Hand-crafted versus learned representations for audio event detection

Kucukbay, Selver; YAZICI, ADNAN; KALKAN, SİNAN

doi:10.1007/s11042-022-12873-5

Hand-crafted versus learned representations for audio event detection

Atıf İçin Kopyala

Kucukbay S. E., YAZICI A., KALKAN S.

MULTIMEDIA TOOLS AND APPLICATIONS, cilt.81, sa.21, ss.30911-30930, 2022 (SCI-Expanded)
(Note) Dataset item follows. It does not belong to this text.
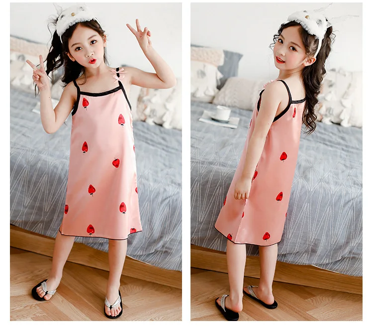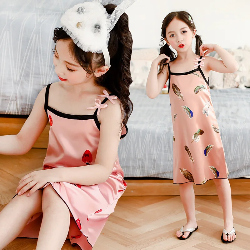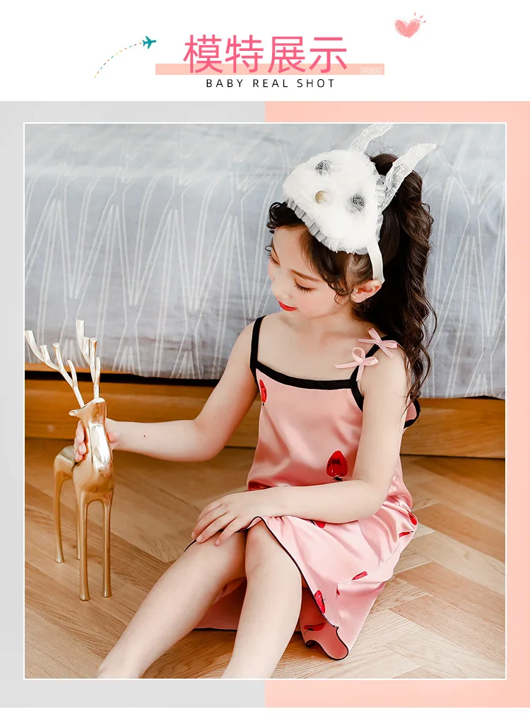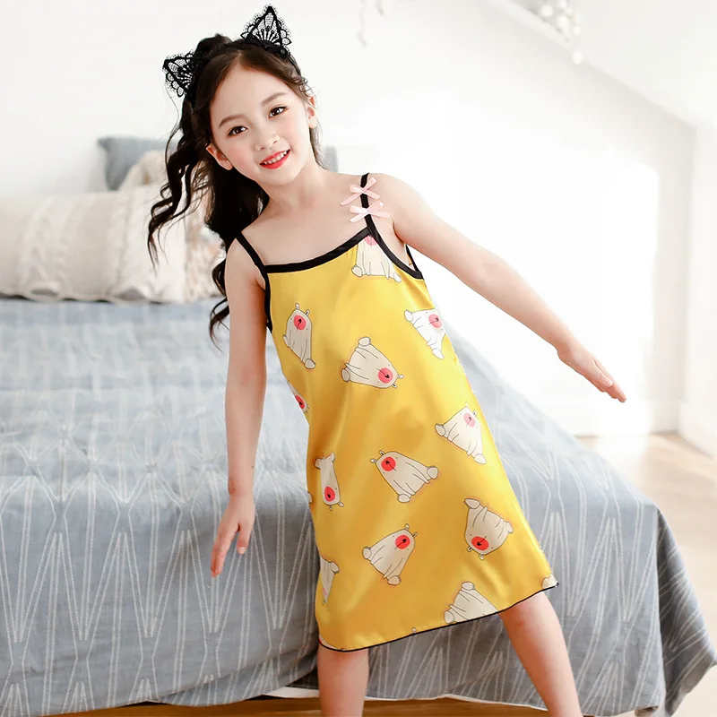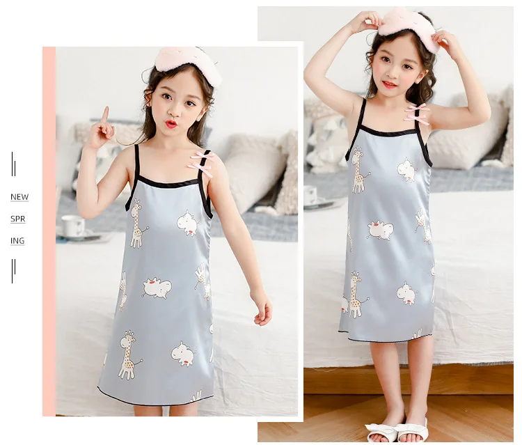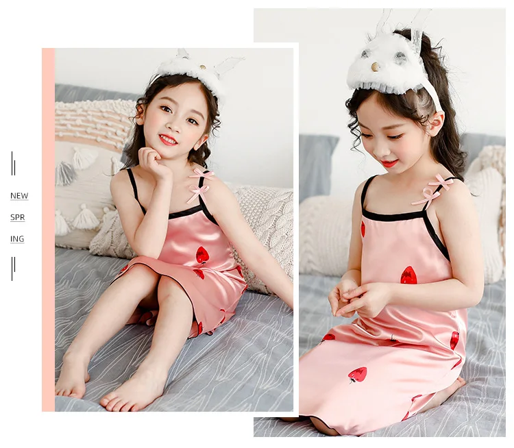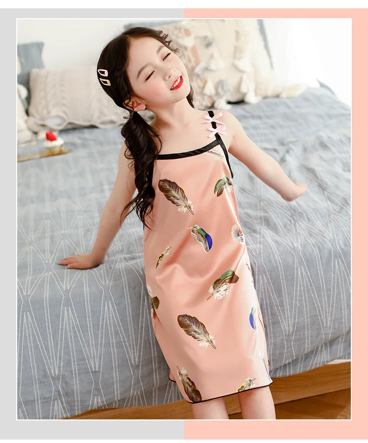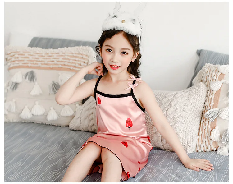 Новинка лета 2020, Детская шелковая атласная мягкая ночная рубашка ...

Yayın Türü: Makale / Tam Makale
Cilt numarası: 81 Sayı: 21
Basım Tarihi: 2022
Doi Numarası: 10.1007/s11042-022-12873-5
Dergi Adı: MULTIMEDIA TOOLS AND APPLICATIONS
Derginin Tarandığı İndeksler: Science Citation Index Expanded (SCI-EXPANDED), Scopus, FRANCIS, ABI/INFORM, Applied Science & Technology Source, Compendex, Computer & Applied Sciences, INSPEC, zbMATH
Sayfa Sayıları: ss.30911-30930
Anahtar Kelimeler: Audio event detection, Audio event classification, Deep learning, Log mel spectogram, Mel spectrogram, Spectrogram, MFCC, CLASSIFICATION
Orta Doğu Teknik Üniversitesi Adresli: Evet

Özet

Audio Event Detection (AED) pertains to identifying the types of events in audio signals. AED is essential for applications requiring decisions based on audio signals, which can be critical, for example, for health, surveillance and security applications. Despite the proven benefits of deep learning in obtaining the best representation for solving a problem, AED studies still generally employ hand-crafted representations even when deep learning is used for solving the AED task. Intrigued by this, we investigate whether or not hand-crafted representations (i.e. spectogram, mel spectogram, log mel spectogram and mel frequency cepstral coefficients) are better than a representation learned using a Convolutional Autoencoder (CAE). To the best of our knowledge, our study is the first to ask this question and thoroughly compare feature representations for AED. To this end, we first find the best hop size and window size for each hand-crafted representation and compare the optimized hand-crafted representations with CAE-learned representations. Our extensive analyses on a subset of the AudioSet dataset confirm the common practice in that hand-crafted representations do perform better than learned features by a large margin (similar to 30 AP). Moreover, we show that the commonly used window and hop sizes do not provide the optimal performances for the hand-crafted representations.